Altino, há quanto tempo! Estranho este contato inesperado, no Dia dos Mortos? Estou desde o dia 24 num ritual de divulgação solitária, em memória de um amigo inesquecível. Nesta semana ocorreu o "julgamento", com 19 anos de atraso, dos assassinos de Vicente Cañas, que a mídia tratou apenas en passant em meio à profusão marqueteira da campanha eleitoral.
Escrevi um depoimento, que tenho distribuído a amigos e pessoas sensíveis à vida e morte na Amazônia. Nessa Amazônia bela e terrível, entremeada de Vanessas, Dorothys, Chicos e Vicentes. Diria que Cañas foi o "Chico Mendes do Indigenismo", naturalmente, guardadas as devidas proporções entre o poder de difusão de seringueiros e o silêncio subterrâneo de índios "isolados".

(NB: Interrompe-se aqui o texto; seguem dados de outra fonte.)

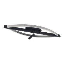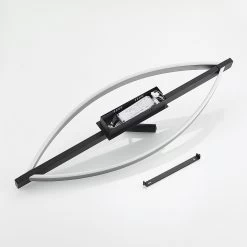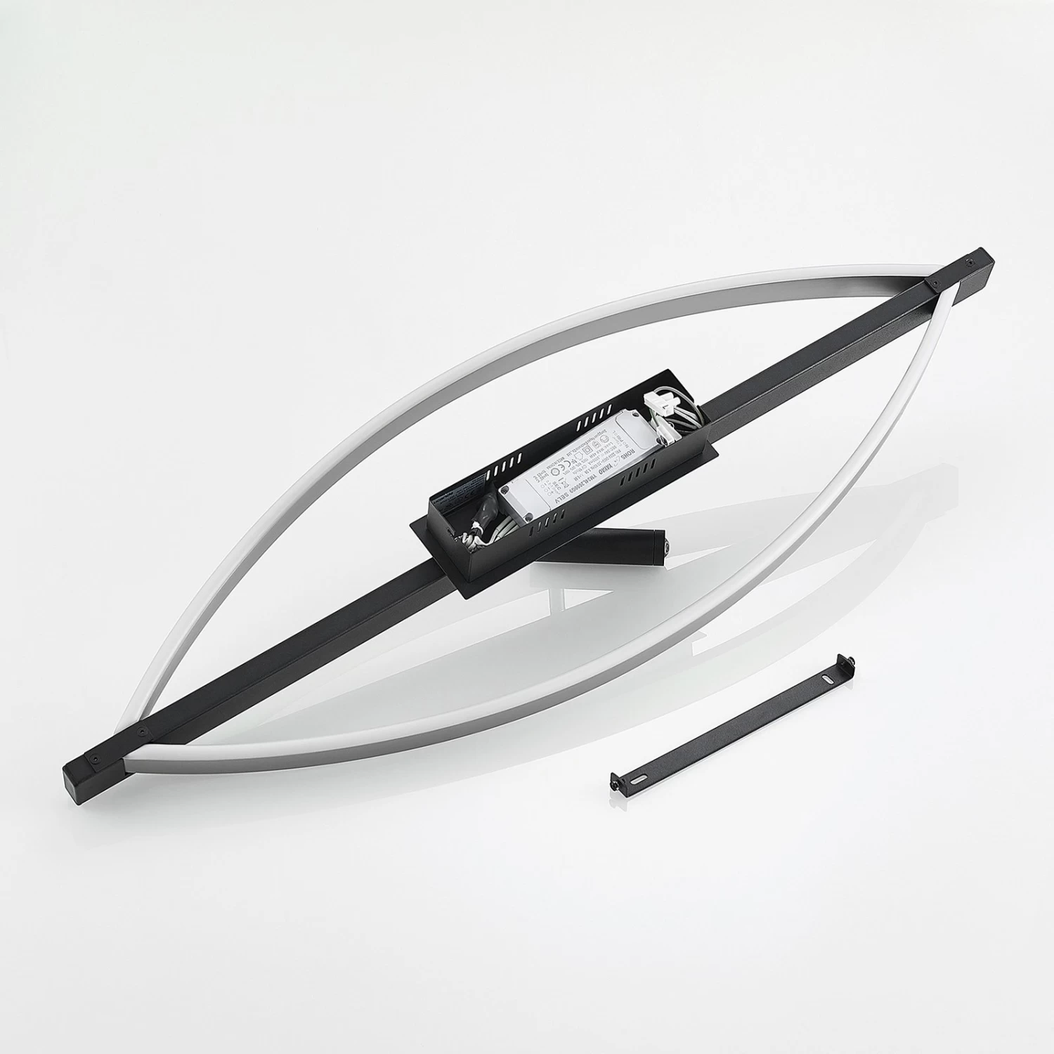 Mittig auf dem Baldachin ist eine schwarze Metallstange platziert, an der zwei elegant gebogene Flanken gespannt sind. Diese sind innen mit LEDs ausgestattet, wĂ€hrend auĂen die OberflĂ€che in Nickel fein verarbeitet wurde. Die LEDs spenden ein warmweiĂes, angenehmes Umgebungslicht, das gleichmĂ€Ăig im Raum verteilt wird.

Num tempo em que os eclesiásticos "recém alforriados" pela Teologia da Libertação ainda tentavam processar internamente seus remorsos em relação à catequese, e a maior parte dos indigenistas/sertanistas leigos ainda só pensavam em "amansar" os "brabos", Cañas já abraçara com despojamento e leveza a doce e árdua atitude de viver com eles, como eles, sem artificialismos e sem imposições ideológicas.

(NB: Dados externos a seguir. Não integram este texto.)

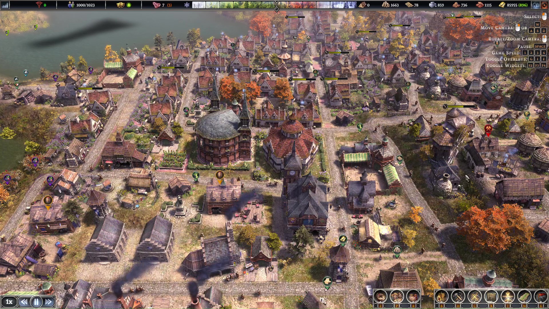 Verder allemaal routinematig handelingen en wachten op volgende ziekte-epidemie, komst van traders, aanvallen van indringers, of .... nieuwe gebouwen bij een volgende release-versie van Farthest Frontier.

Nos legou uma percepção, visionária porque óbvia, de que aos índios, basta ser índios, e que eles sabem sê-lo muito bem, se viverem em paz - difícil é esta paz. Te envio, então, "depoimento" e foto, de uma das raríssimas aparições urbanas de Vicentón, com seu porronca, que ele gostava de temperar com mamica-de-cadela, uma raiz cheirosíssima da Chapada dos Parecís. A foto foi tirada por Railda Herrera, em 1986.
Cá nas trincheiras orientais, muita malária e muito sojeiro chegante - mal dá tempo de acessar virtualidades.
Abraço e boas sortes pra ti, aí nas fronteiras ocidentais.
HASTA LA VISTA, VICENTÓN!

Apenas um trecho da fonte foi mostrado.